The expectations of household consumption in the country remained stable during the month of July, although inflation expectations in the short and medium term fell slightly, 0.1%, according to the results of a survey released Monday by the Federal Reserve (Fed) of New York.

Household expectations in most variables were stable and, in particular, those related to house prices, income and expenses did not change. “The expectations of the labor market and household finances remained optimistic,” said the Fed bank in a statement.

The Federal Reserve Bank of New York is the most important of the twelve that make up the Fed system in the United States.

In July, “the expectations on the average of inflation fell by 0.1 percentage points for the horizons of one and three years, up to 2.6%”, while the uncertainty in this respect “fell at both ends” .

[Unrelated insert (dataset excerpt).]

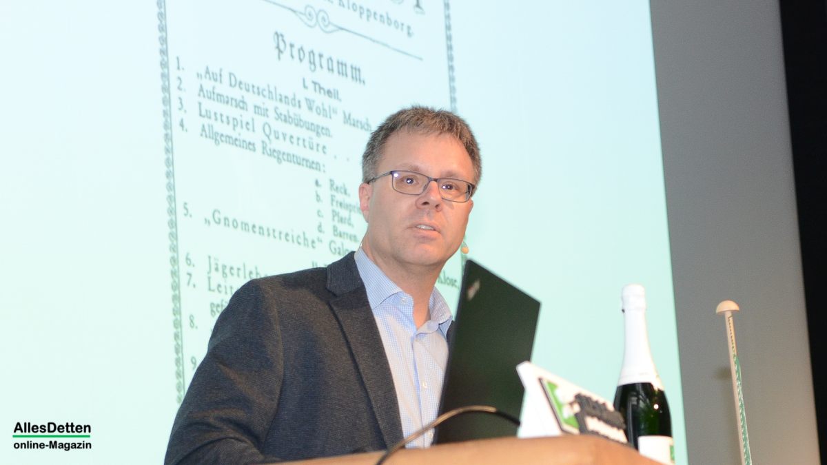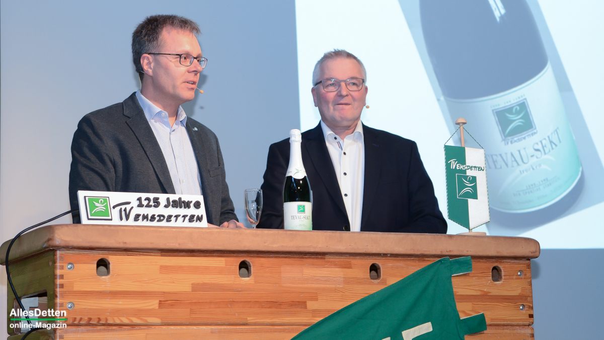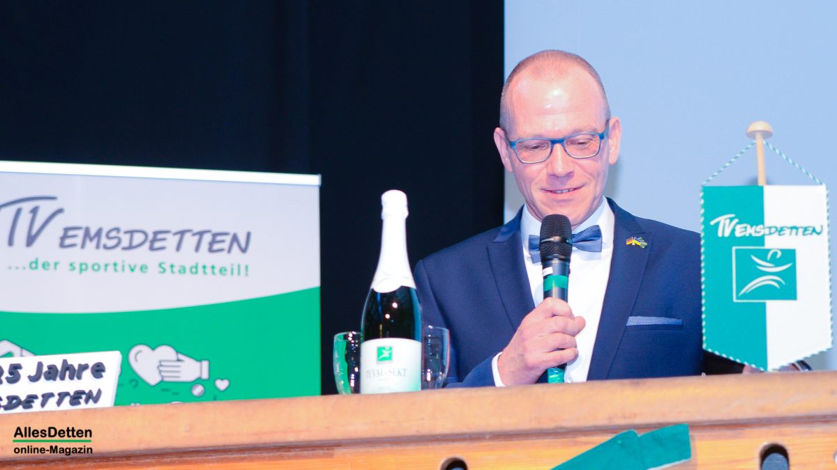 Stefan Akamp gab zwischen den Grußworten immer wieder einen Einblick in die Historie des Turnvereins, stellte eine Flasche Sekt vor sich, die extra für das 100-jährige Jubiläum vor 25 Jahren aufgelegt worden war, zeigte, wie Stempel und Logo sich im Laufe der Zeit verändert haben. Er berichtete, dass man, als es noch keine Turnhallen gab (erste Turnhalle in Emsdetten war die an der damaligen Wilhelmschule, erbaut 1936), in Wirtshaussälen trainiert wurde. Da Wirtshäuser in aller Regel auch Theken haben, fiel das eigentliche Training auch schon mal kürzer aus.

This monthly and revolving survey, conducted around 1,300 households in the country, is one of the indicators that the Fed takes into account, along with other data, when making monetary policy decisions.

After the Fed cut interest rates in the United States at the end of last month for the first time in ten years, the markets are pending any information related to the issue, as they predict another drop at the next meeting of the Federal Committee of the Open Market (FOMC).

As for other survey data, the New York branch of the Fed reported that households have less expectations of increasing their earnings in the next year, while for that same period the perceived average probability regarding the loss of employment and Finding a new one has been reduced.

While these data have been published, the New York Fed research department has issued an overview of the US economy in which it states that inflation based on personal consumption expenses remains below the target of FOMC long term.

It also indicates that the indexes of the US stock market “fell significantly in the last month, while the implied volatility rose”, and the yields of 10 and 30 year Treasury bonds “fell sharply and were below short-term rates”.